_TASK ITEM_
Could you restate word for word only the lines below from the one holding "Очистить от внутренностей, вынуть" to the one holding "Gardez à l'esprit", inclusive, and leave out the pictures?

_DATA FOR REVIEW_
::::::::::

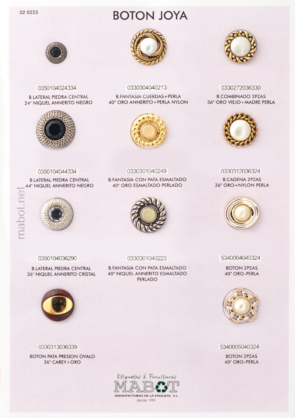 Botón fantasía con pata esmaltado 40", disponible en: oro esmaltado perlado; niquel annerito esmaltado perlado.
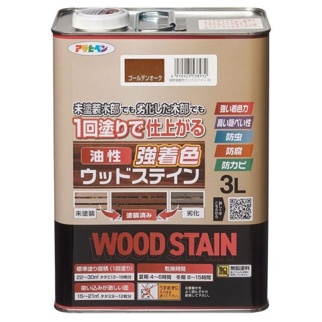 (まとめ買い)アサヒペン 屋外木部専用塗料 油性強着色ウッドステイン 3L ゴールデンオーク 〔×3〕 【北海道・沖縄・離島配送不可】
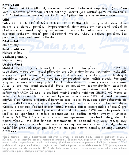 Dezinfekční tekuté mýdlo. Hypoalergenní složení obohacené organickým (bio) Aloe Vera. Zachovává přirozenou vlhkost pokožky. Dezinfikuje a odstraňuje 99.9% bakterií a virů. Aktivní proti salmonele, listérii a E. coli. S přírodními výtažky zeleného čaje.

::::::::::

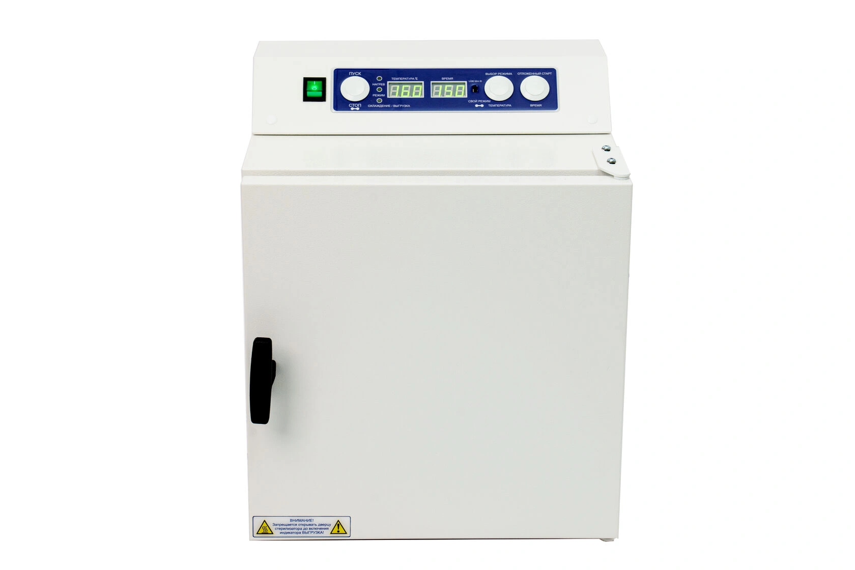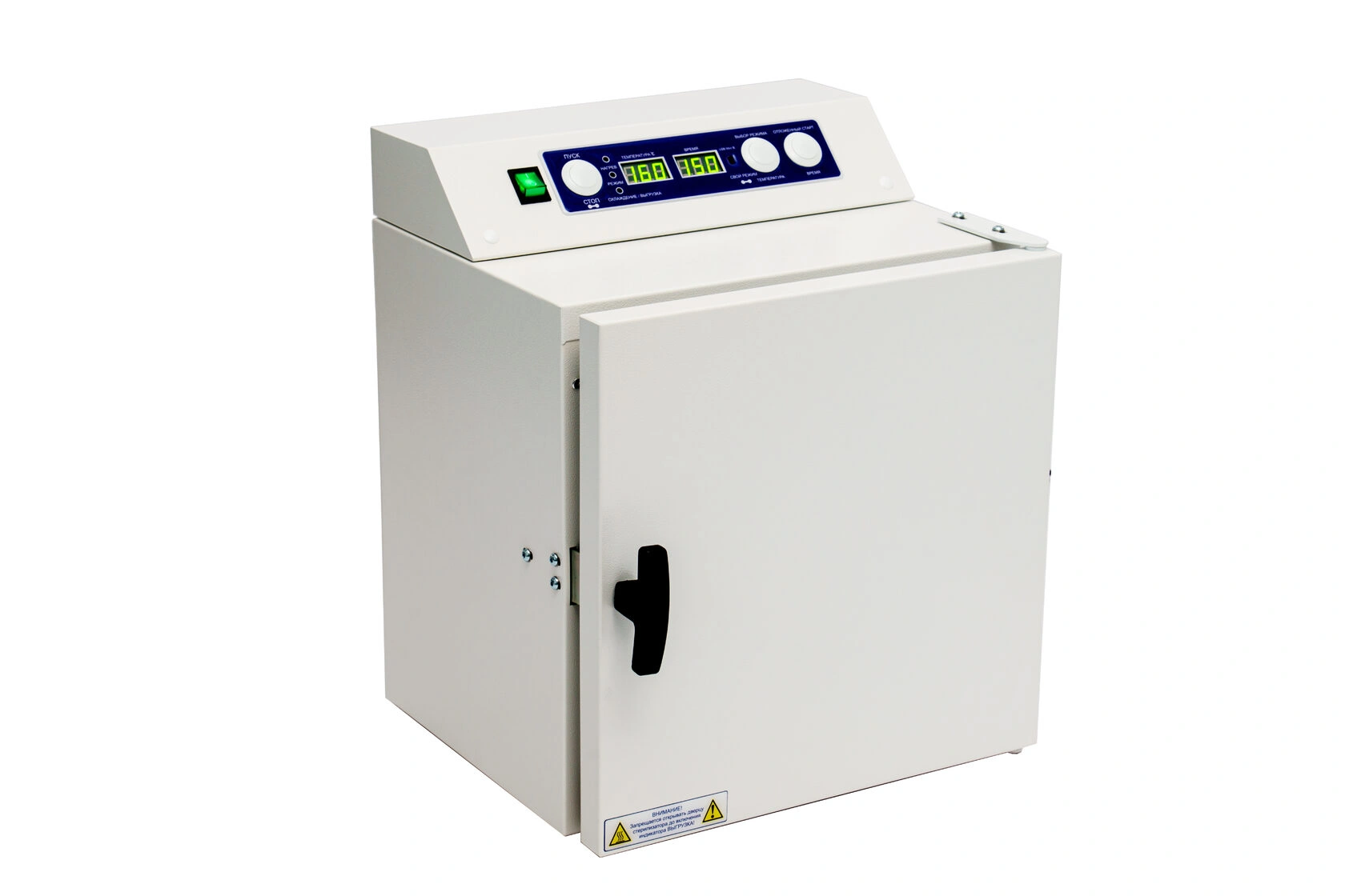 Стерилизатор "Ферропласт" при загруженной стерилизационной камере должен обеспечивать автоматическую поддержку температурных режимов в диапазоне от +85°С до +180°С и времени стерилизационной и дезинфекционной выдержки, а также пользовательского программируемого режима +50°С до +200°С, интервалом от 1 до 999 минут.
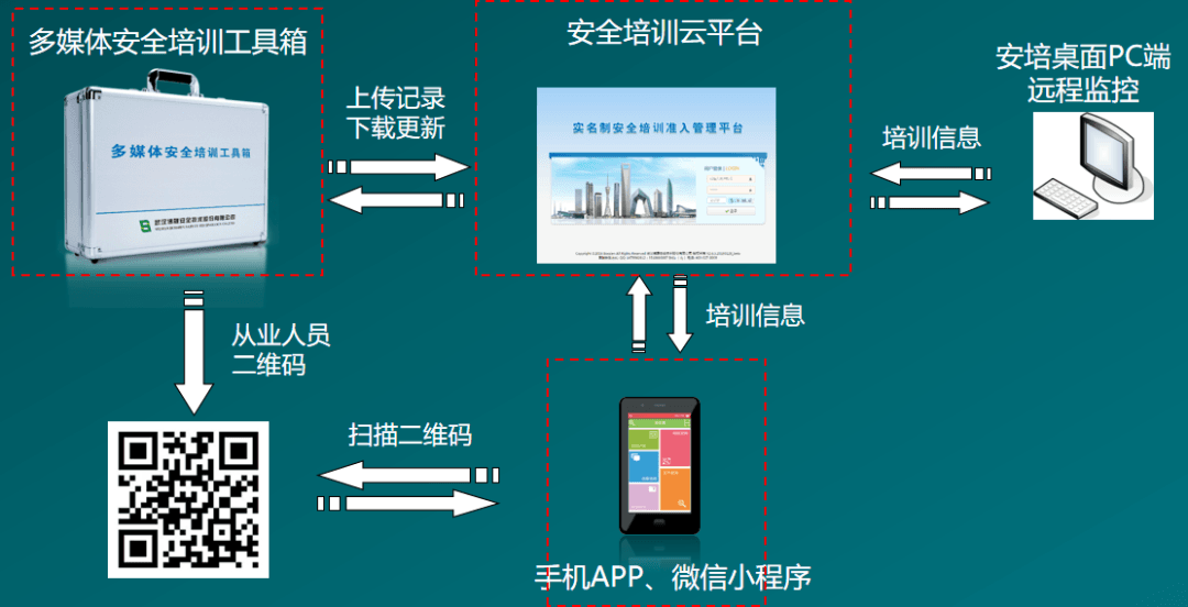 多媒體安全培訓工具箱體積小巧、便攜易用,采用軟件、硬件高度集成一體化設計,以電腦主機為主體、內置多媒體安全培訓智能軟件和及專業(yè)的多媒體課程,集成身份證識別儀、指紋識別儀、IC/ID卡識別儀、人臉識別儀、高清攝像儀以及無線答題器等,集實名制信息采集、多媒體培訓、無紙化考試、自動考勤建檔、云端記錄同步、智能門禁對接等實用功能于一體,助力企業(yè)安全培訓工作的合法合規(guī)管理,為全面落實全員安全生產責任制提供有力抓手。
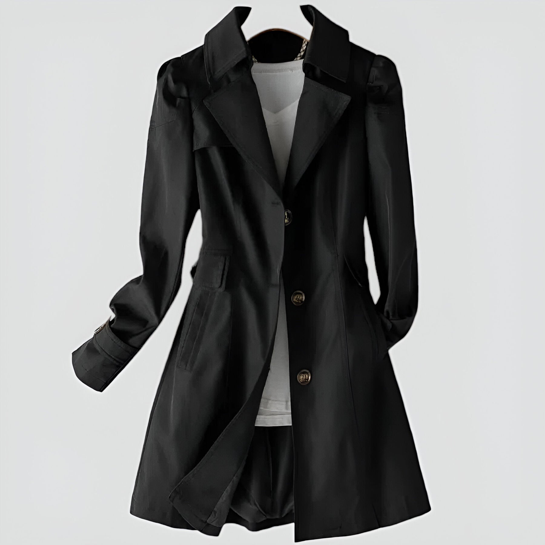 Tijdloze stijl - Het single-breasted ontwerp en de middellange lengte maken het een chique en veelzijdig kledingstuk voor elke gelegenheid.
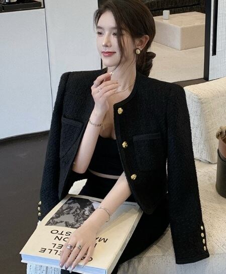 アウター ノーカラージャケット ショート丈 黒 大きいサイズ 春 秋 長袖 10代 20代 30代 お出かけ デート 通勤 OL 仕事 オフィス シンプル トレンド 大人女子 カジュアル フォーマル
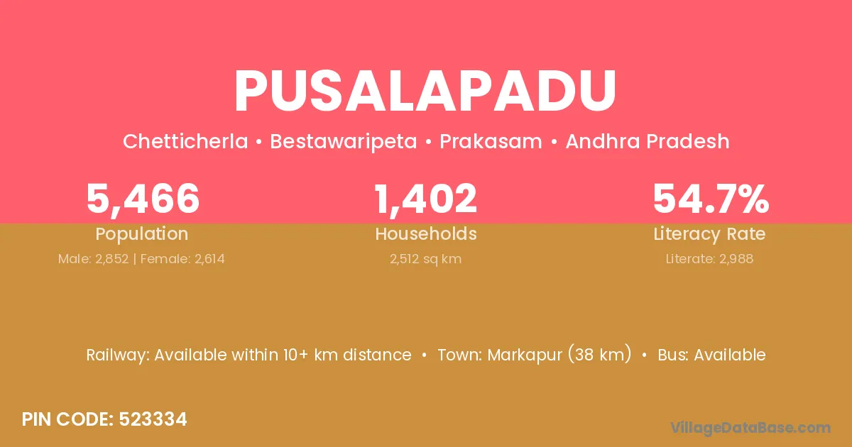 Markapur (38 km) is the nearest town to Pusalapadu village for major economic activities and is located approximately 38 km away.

::::::::::

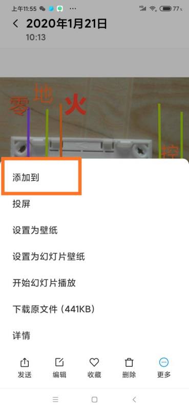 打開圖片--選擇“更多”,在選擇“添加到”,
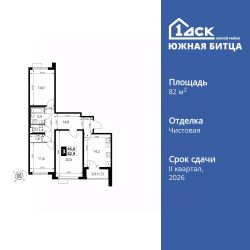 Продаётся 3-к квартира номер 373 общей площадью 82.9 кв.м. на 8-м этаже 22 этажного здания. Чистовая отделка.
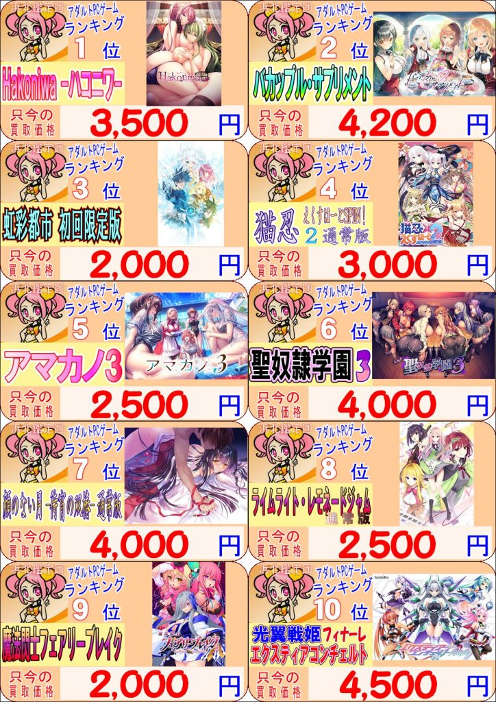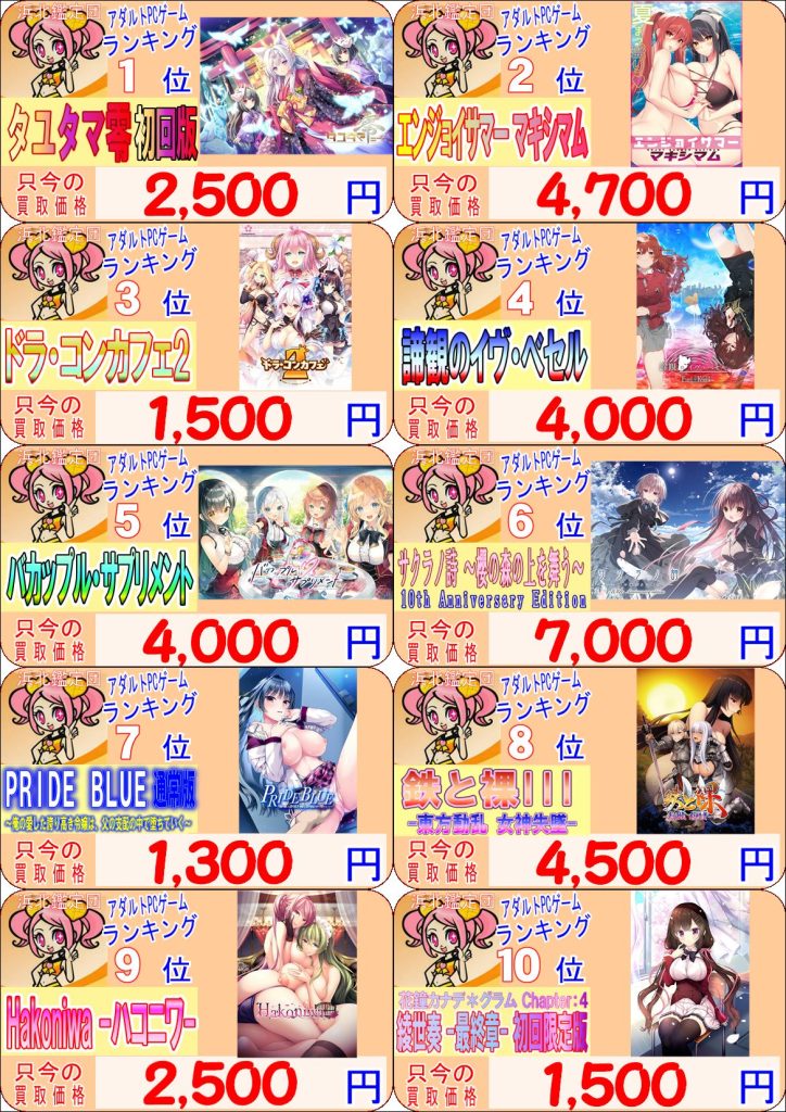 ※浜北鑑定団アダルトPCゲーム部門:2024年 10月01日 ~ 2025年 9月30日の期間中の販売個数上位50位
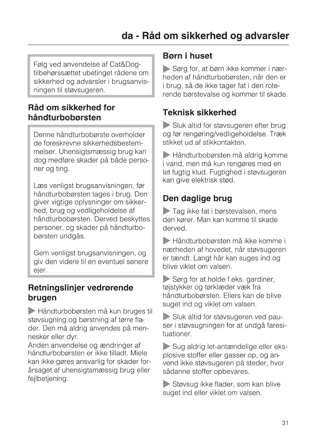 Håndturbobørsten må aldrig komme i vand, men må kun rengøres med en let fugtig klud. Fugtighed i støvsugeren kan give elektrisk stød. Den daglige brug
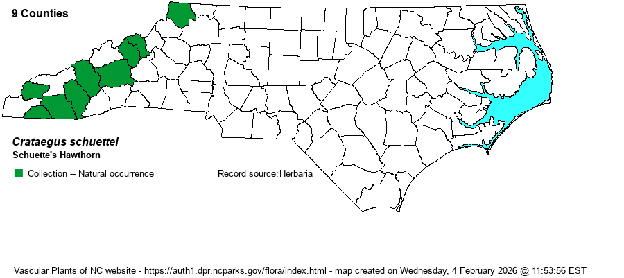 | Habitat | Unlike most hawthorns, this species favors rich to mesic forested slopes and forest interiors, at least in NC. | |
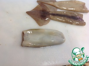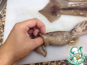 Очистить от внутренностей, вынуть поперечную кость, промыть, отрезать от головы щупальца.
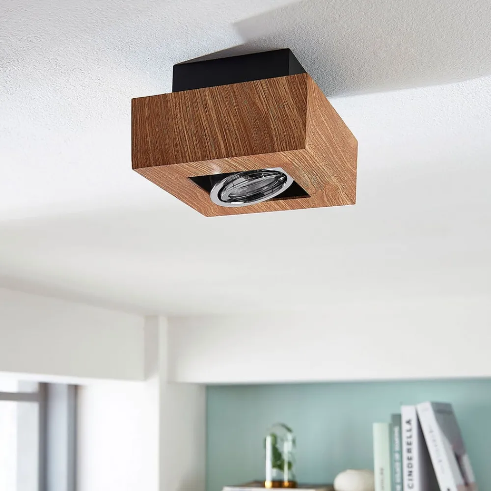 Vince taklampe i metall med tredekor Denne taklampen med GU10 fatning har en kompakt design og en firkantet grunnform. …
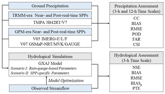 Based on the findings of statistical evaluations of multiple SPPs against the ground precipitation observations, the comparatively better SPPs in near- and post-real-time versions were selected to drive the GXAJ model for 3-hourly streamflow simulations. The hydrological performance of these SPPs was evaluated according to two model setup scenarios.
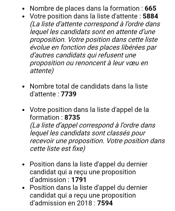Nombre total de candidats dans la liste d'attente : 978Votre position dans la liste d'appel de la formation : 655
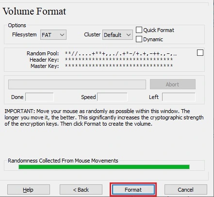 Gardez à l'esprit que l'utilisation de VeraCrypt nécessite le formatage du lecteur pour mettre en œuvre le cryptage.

::::::::::

_RESULT OF THIS EXERCISE_
 Очистить от внутренностей, вынуть поперечную кость, промыть, отрезать от головы щупальца.
 Vince taklampe i metall med tredekor Denne taklampen med GU10 fatning har en kompakt design og en firkantet grunnform. …
 Based on the findings of statistical evaluations of multiple SPPs against the ground precipitation observations, the comparatively better SPPs in near- and post-real-time versions were selected to drive the GXAJ model for 3-hourly streamflow simulations. The hydrological performance of these SPPs was evaluated according to two model setup scenarios.
Nombre total de candidats dans la liste d'attente : 978Votre position dans la liste d'appel de la formation : 655
 Gardez à l'esprit que l'utilisation de VeraCrypt nécessite le formatage du lecteur pour mettre en œuvre le cryptage.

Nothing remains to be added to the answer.